Polarad, I believe got bought by Rohde & Schwarz. In the mid 1980's I worked for the Varian Beverly Microwave Division north of Boston, and we had 2 nearly identical measuring receivers, one with a Polarad badge and one with an R&S badge. We used the two channels in them to measure the phase difference of the Constant Phase Limiting Amplifiers we were building.

Jim Ford

------ Original Message ------
From: "Tom Lee" <tomlee@ee.stanford.edu>
To: TekScopes@groups.io
Sent: 12/8/2020 10:25:37 AM
Subject: Re: [TekScopes] SUCCESS! The "sick" 475A is now the "fixed" 475A!

Jeff,

I would not spend too much time looking at the 491’s docs — it’s a very primitive instrument architecturally, and today serves mainly as an example of how not to design an SA. The 492 is a completely different instrument. If you’re going to study a Tek SA, that’s probably the best starting point (along with the related Tek Concepts books).

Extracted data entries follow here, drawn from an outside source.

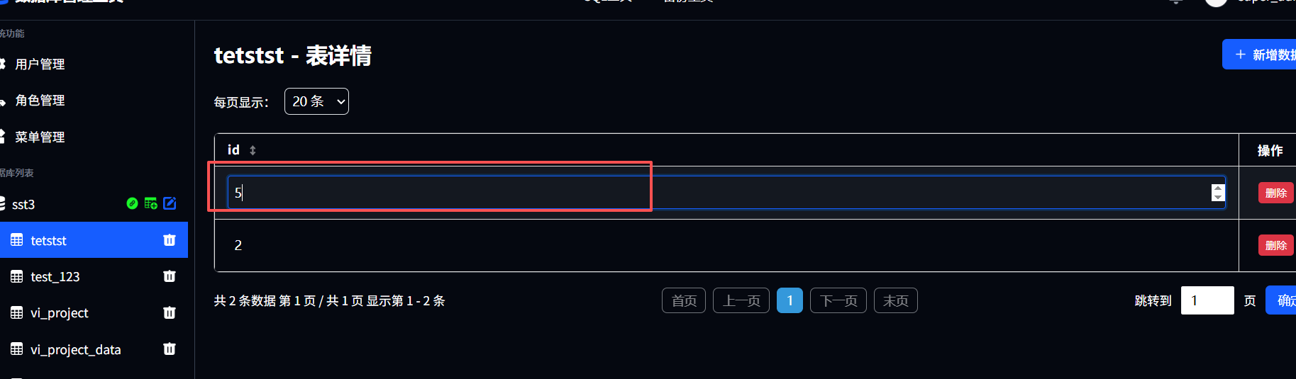 修改数据,可点击需要修改的文本框,以截图表为例,修改id,点击id列任意一条数据的文本框,进行修改原有内容,鼠标失焦后或者点击其他位置进行提交保存。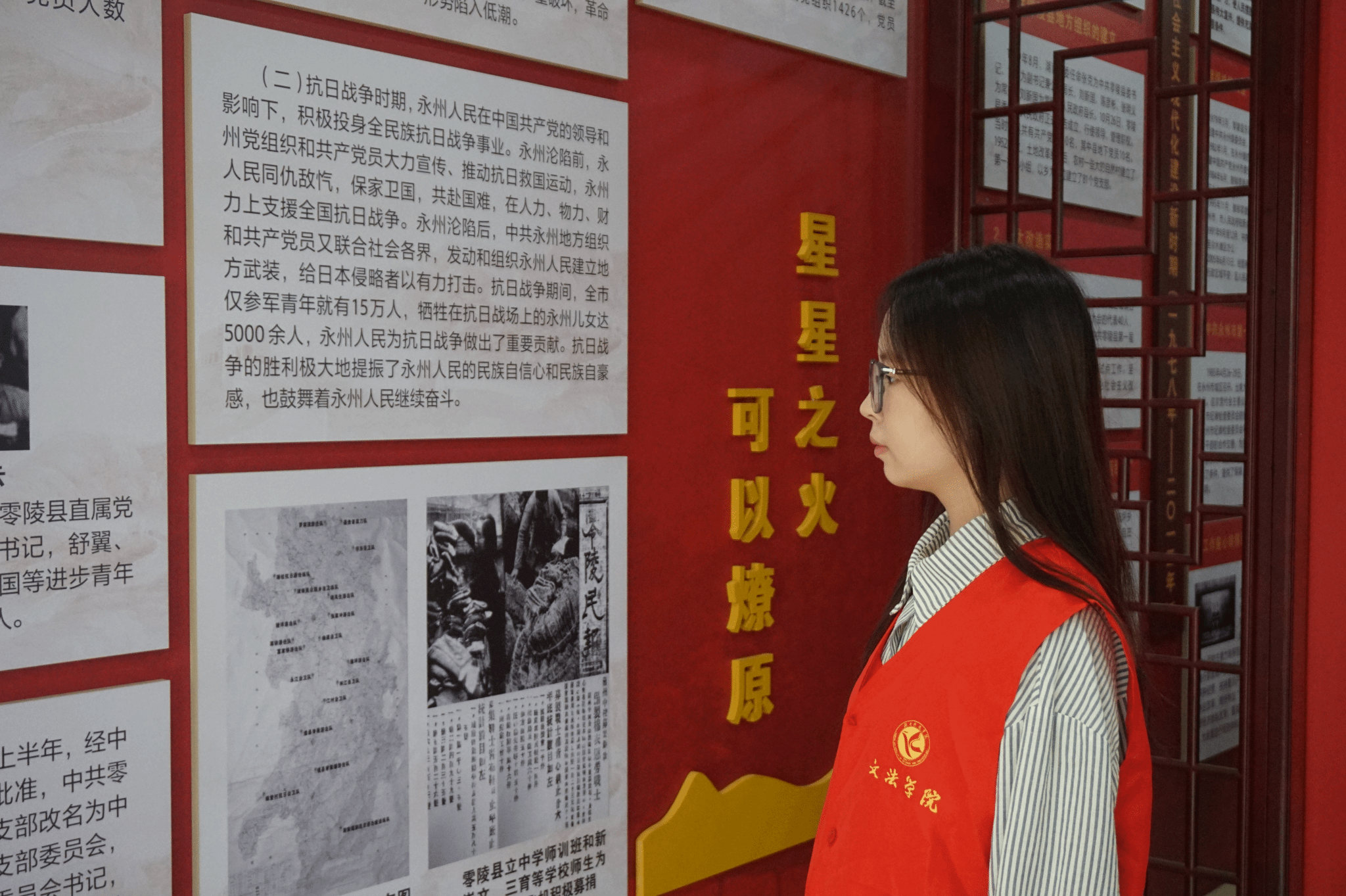 展厅通过“大广角”清晰展现了伟大光荣正确的中国共产党领导全国人民战天斗地、敢叫日月换新天的巨幅画卷,又通过“大焦距”将永州零陵这片历史悠久、底蕴深厚、可亲可敬的红色热土拉近呈现到同学们眼前。学校军事理论课教师张健告诉同学们:“国防关系到国家和民族生死存亡,中华人民共和国的每一位公民,都应该自觉接受国防教育,增强国防意识。”
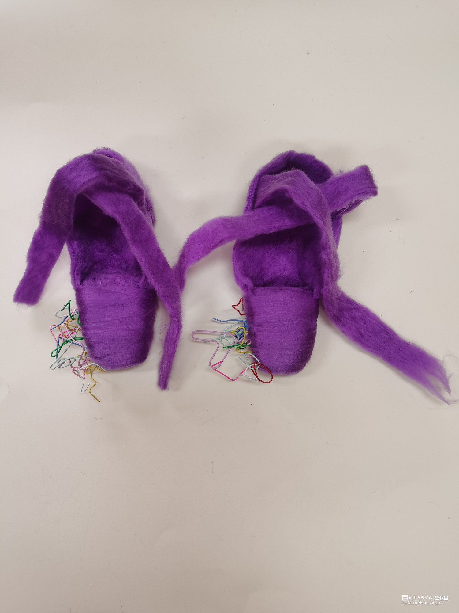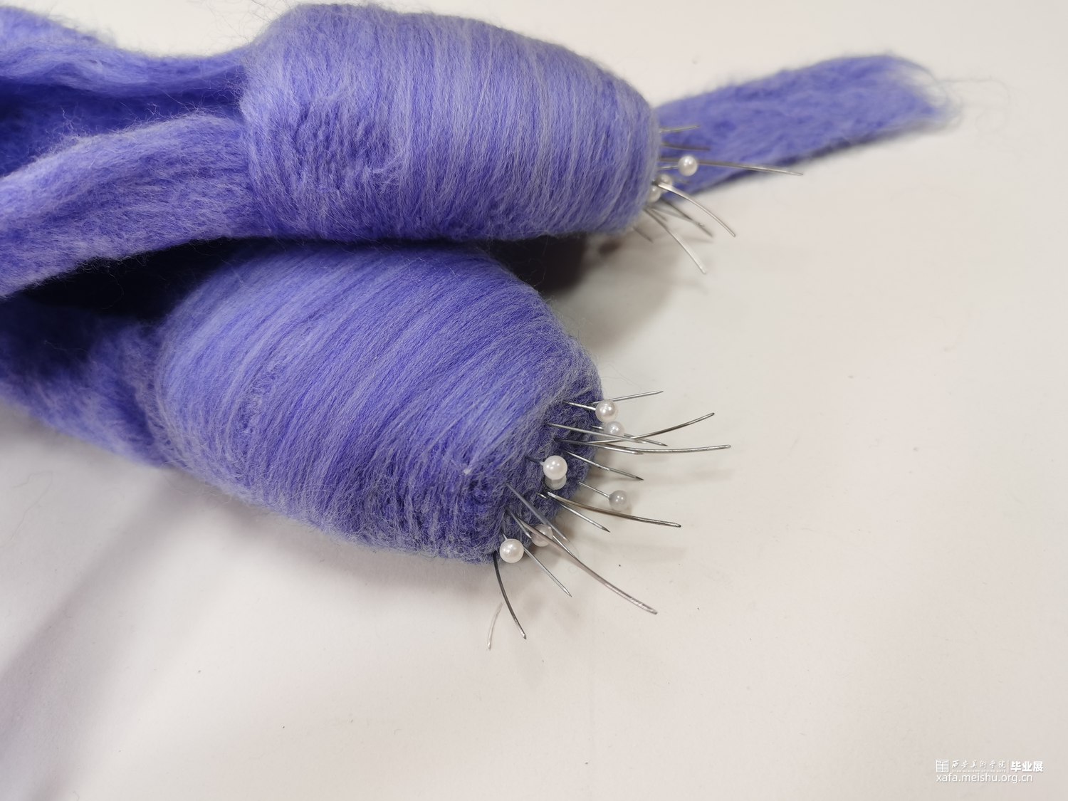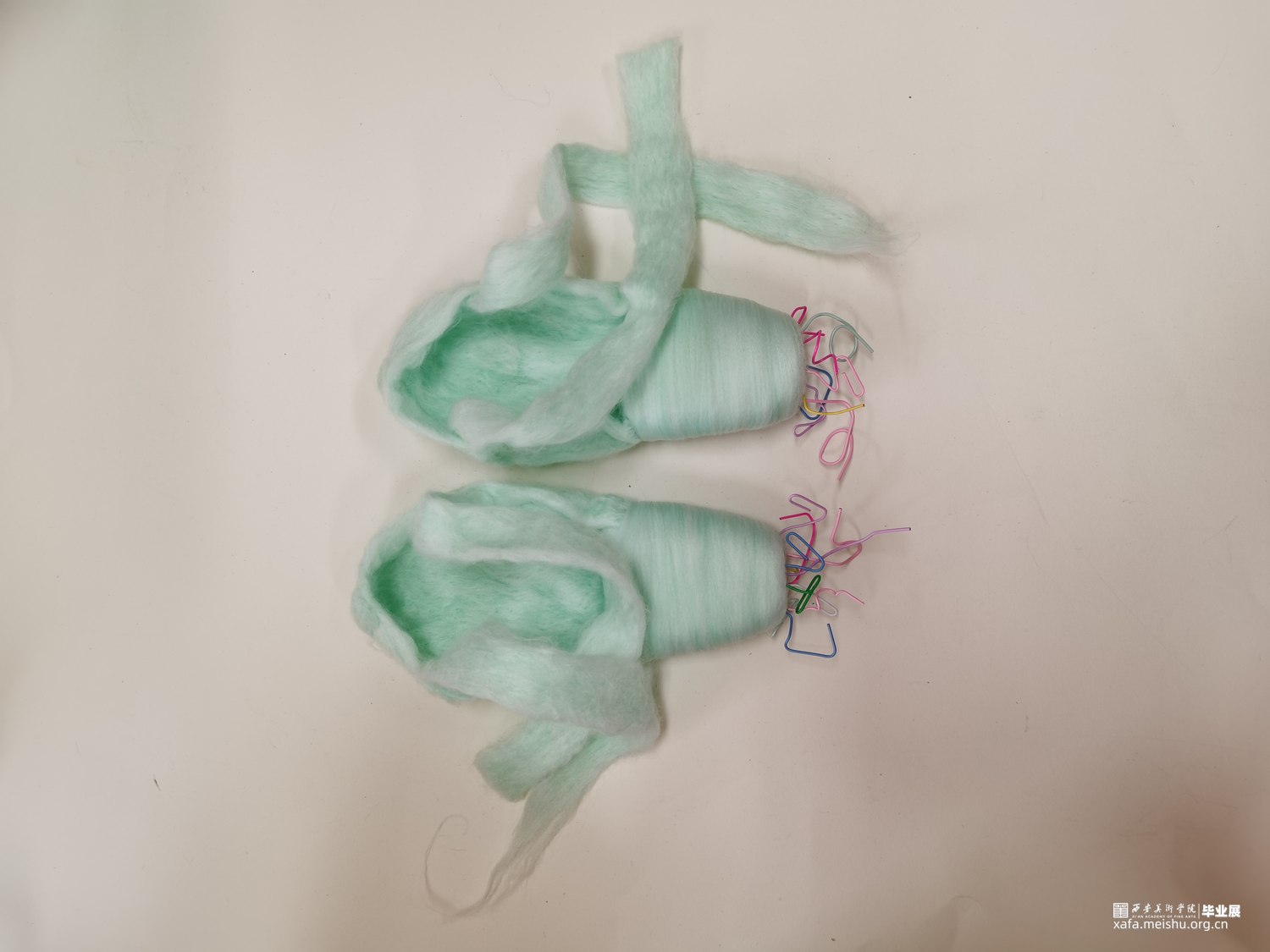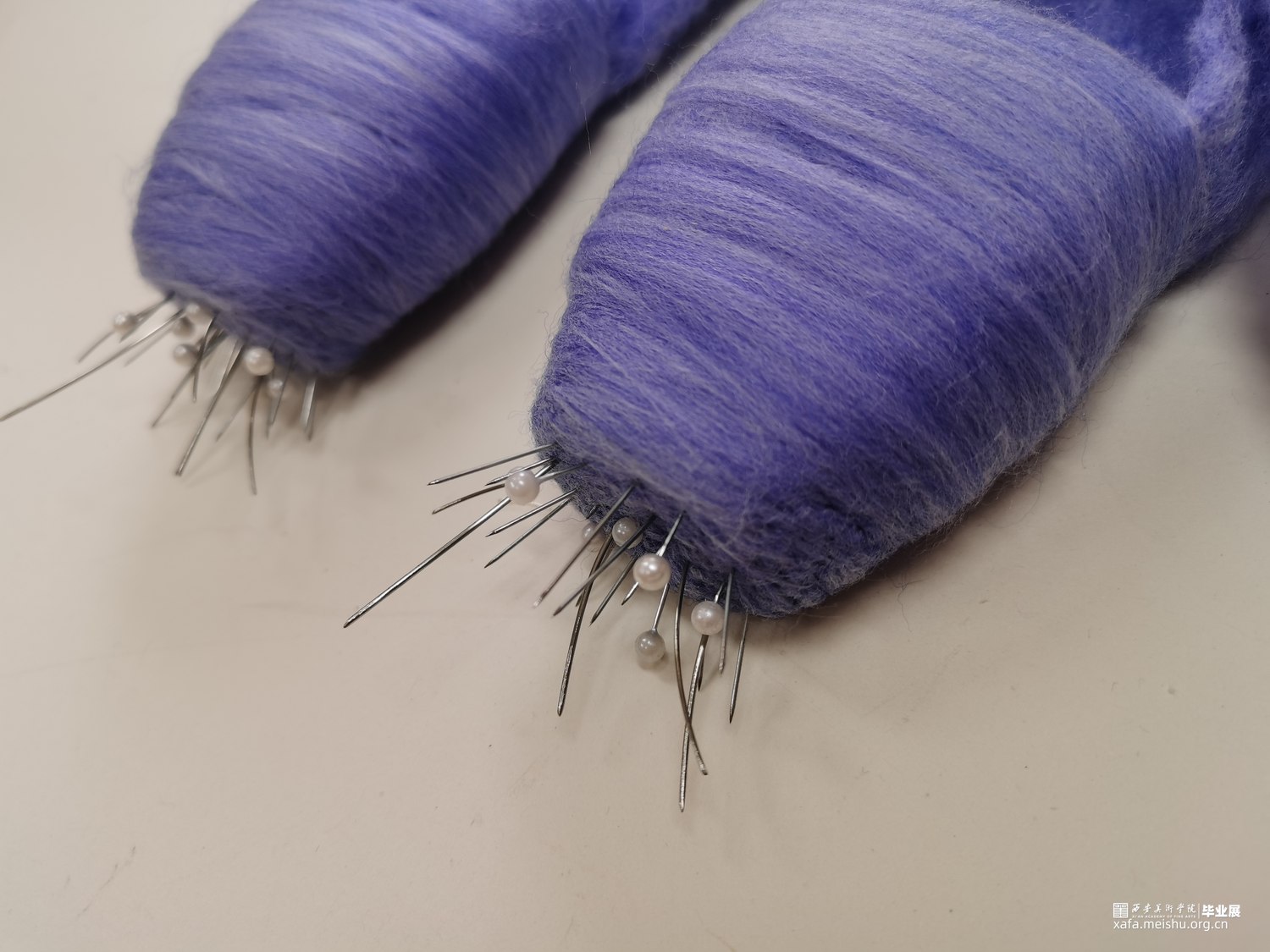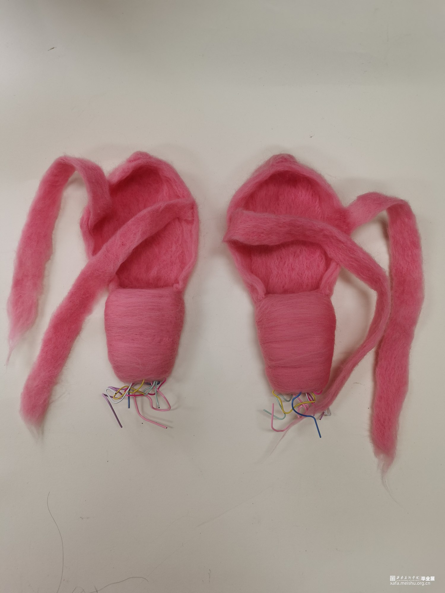 艺术相通,心相灵。舞台之上的舞者在璀璨的聚光灯之下翩翩起舞,给人们带来了一场视觉盛宴,如同梦境一般美好。却不知,“梦境”的背后是无数次疼痛的“现实”。本作品将毛毡与综合材料结合,而尖锐的针便是代表了芭蕾鞋练习时的疼痛感,从剧烈的直观痛感到用线与针连接时那若隐若现的痛感。“梦境”与“现实”共存才会达到最终呈现效果。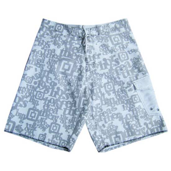 The men's board shorts feature drawstring closure with a side patch pocket. The allover alphabetical print showcases contemporary style. Hit the beach and play water sports with this fashionable pair of board shorts.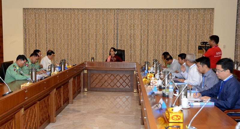 State Counsellor Daw Aung San Suu Kyi chairs the coordination meeting on the formation of the National Reconciliation and Peace Centre (NRPC). Photo: MNA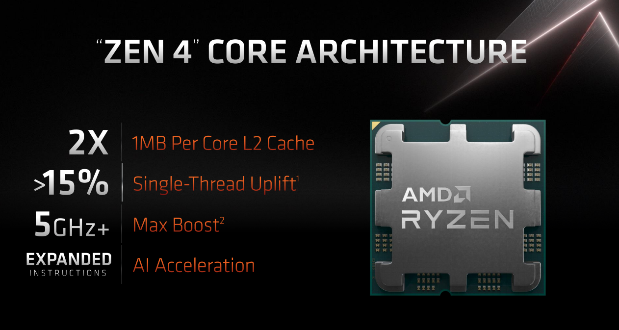 锐龙7000系列台式机处理器采用全新的ZEN4架构,使用5nm制造工艺,搭配的当然是全新的AM5平台主板。从官方宣布的资料来看,这次ZEN4架构大幅提升了二级缓存的容量,每个核心具备1MB的二级缓存,相对ZEN3增加了一倍。单核性能部分,官方给出的数据是提升幅度超过了15%,看起来这与ZEN2到ZEN3的提升幅度相当,不过要注意的是“超过15%”,这意味着是“至少提升15%”,在实际应用中提升幅度还会更大。频率部分,由于架构和工艺的双重升级,ZEN4终于可以实现超过5GHz的加速频率(现场演示的《幽灵线:东京》DEMO中,16核锐龙7000加速频率达到了5.5GHz以上),虽然部分采用ZEN3架构的锐龙5000也可以做到,但仅限于体质较好的个体以及手动超频实现,ZEN4这可是出厂的标准规格,进步也是显而易见的。最后,新特性部分,ZEN4还加入了支持AI加速的扩展指令集,在AI应用越来越广泛的趋势下,ZEN4当然也少不了这项功能。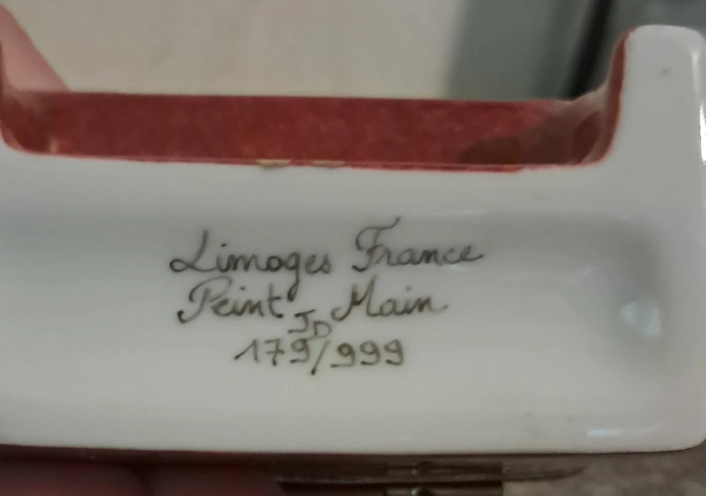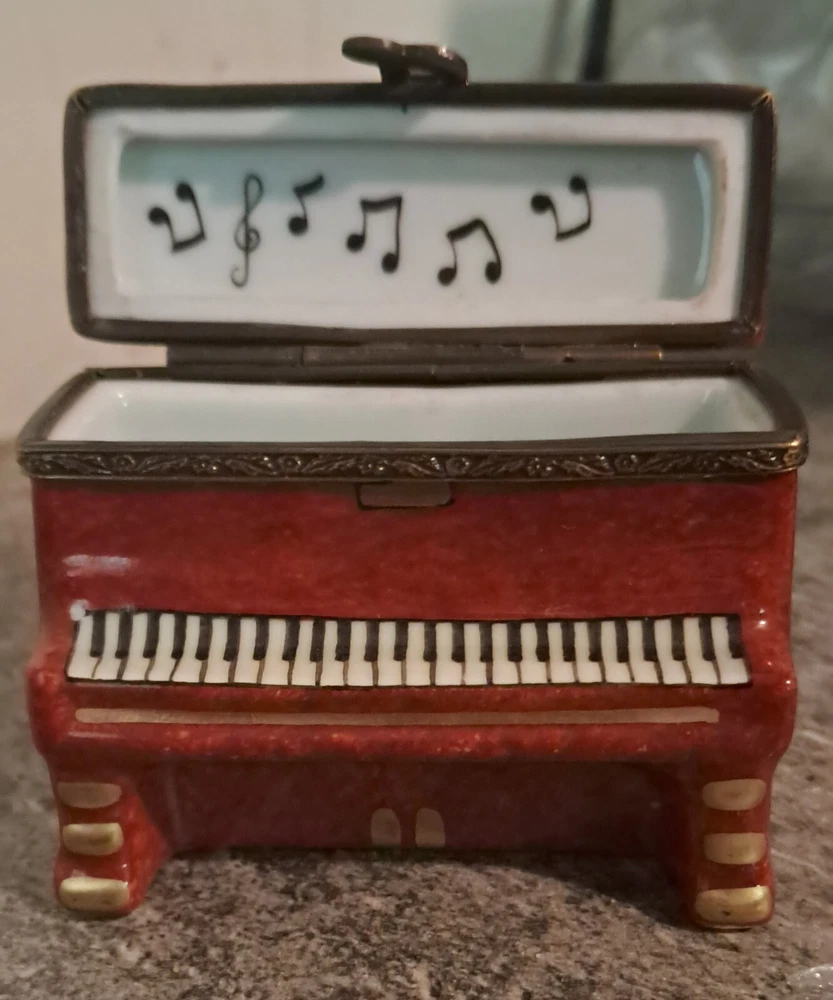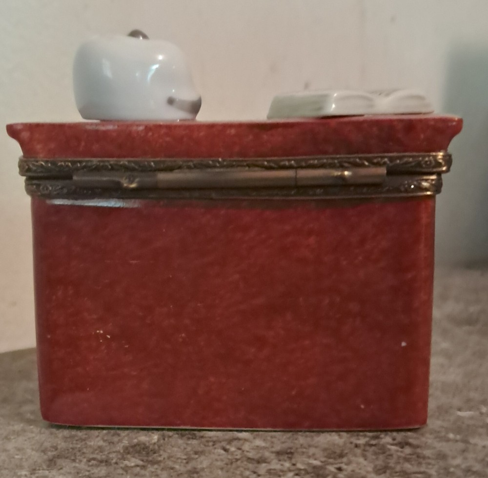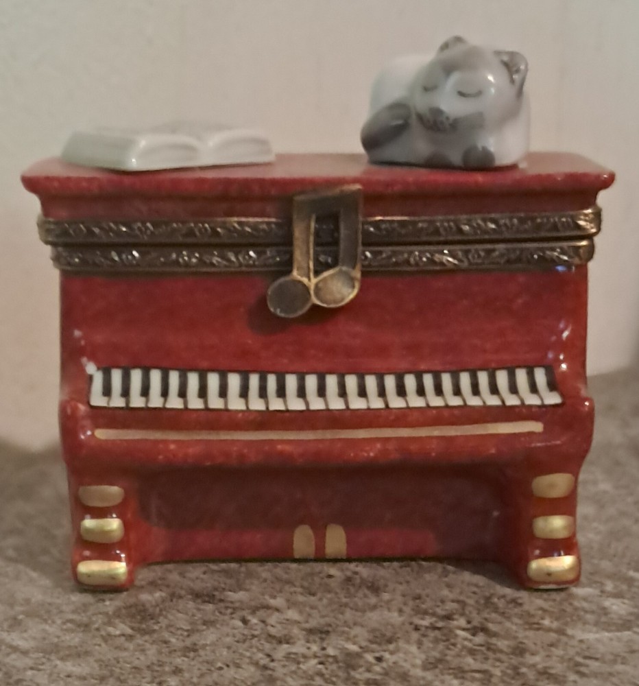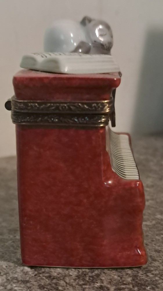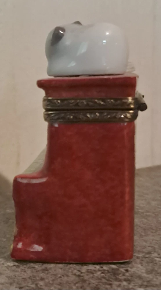 The Limoges trinket box piano with cat and book is a charming and whimsical collectible item featuring intricate details and a unique design. The trinket box takes the shape of a book, making it a creative and playful addition to any collection. With a piano and cat as the main subjects, this collectible is sure to stand out and bring joy to its new owner. The boxed packaging adds a touch of luxury to this decorative piece, making it a perfect gift for any cat lover or avid collector.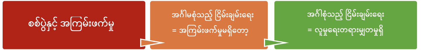 သမားရိုးကျ အစိုးရပြင်ပ လူမှုဘဝ ပြန်လည်ပေါင်းစည်းရေး - လွှတ်တော်ထဲက ရွာသူကြီးများ၊ ရိုးရာခေါင်းဆောင်များ - အများတရားဝင်လက်ခံအသိအ မှတ်ပြုမှုနှင့် ယုံကြည်စိတ်ချရမှု မြင့် မားတိုးတက်လာစေခြင်း - အရဲစွန့်ရမှုအန္တရာယ်နည်းပါး |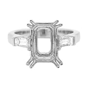 18kt white gold 8 prong emerald semi-mount with channel set baguette diamond on each side.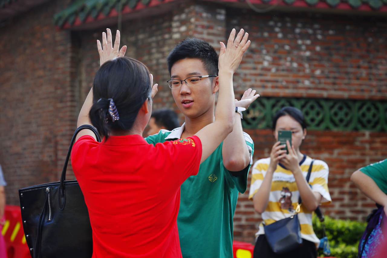 兩位保送的華附學(xué)生來(lái)到考場(chǎng)為同學(xué)加油。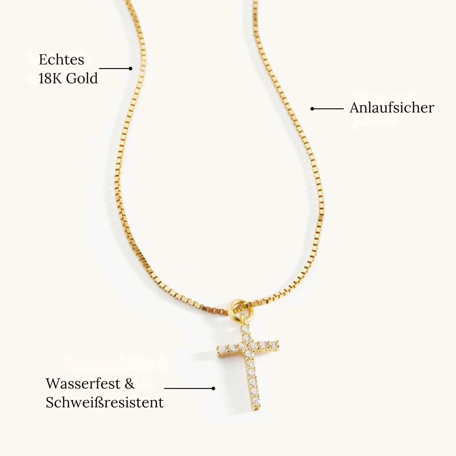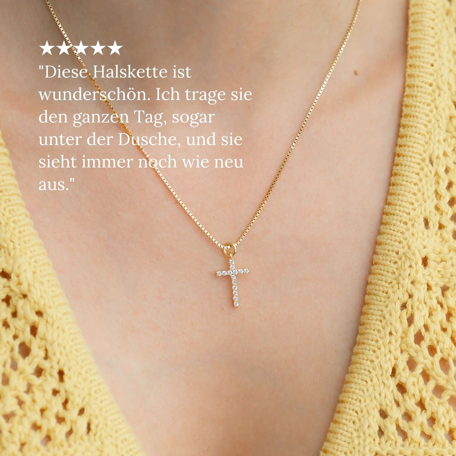 Eine Halskette, die Eleganz und Spiritualität vereint. Ihr Kreuzanhänger, besetzt mit funkelnden Pavé-Steinen, fängt das Licht auf wunderschöne Weise ein und verleiht diesem zeitlosen Symbol des Glaubens und des Schutzes einen Hauch von Glamour.

Raymond pointed you to the HP Memory site, which has an amazing wealth of information, including many reminiscences of the design teams who created many of their groundbreaking instruments. Often they’ll utter a throwaway sentence that explains many mysteries (“Oh — THAT’s why they did it that way!”). You can spend many hours there. Way better than anything on Netflix; it’s Nerdflix, except no flix.

One of my favorite stories is about their first SA, the 8551A. It was revolutionary because they were able to tame a beast called the backward-wave oscillator (BWO), which is a vacuum tube oscillator that can be tuned over octaves. The BWO was, and is, infamous for having a maddening ability to burst into song at unwanted frequencies, but HP’s engineers figured out how to tamp down that tendency. I won’t burden this thread with a long explanation about why a broadly-tunable oscillator is a good thing for an SA, but just accept for now that More is Better here, and that HP’s solution enabled a kick-ass SA.

Polarad, which was then the dominant SA supplier, attempted to defend their franchise by underbidding HP for a huge DoD contract, and set about copying the 8551A. Polarad’s engineers could not solve the BWO problem, though, so they ended up fulfilling the contract by buying 8551As from HP at full price and rebadging them. HP made a fortune off of that.

Cheers,
Tom



Sent from my iThing, so please forgive typos and brevity.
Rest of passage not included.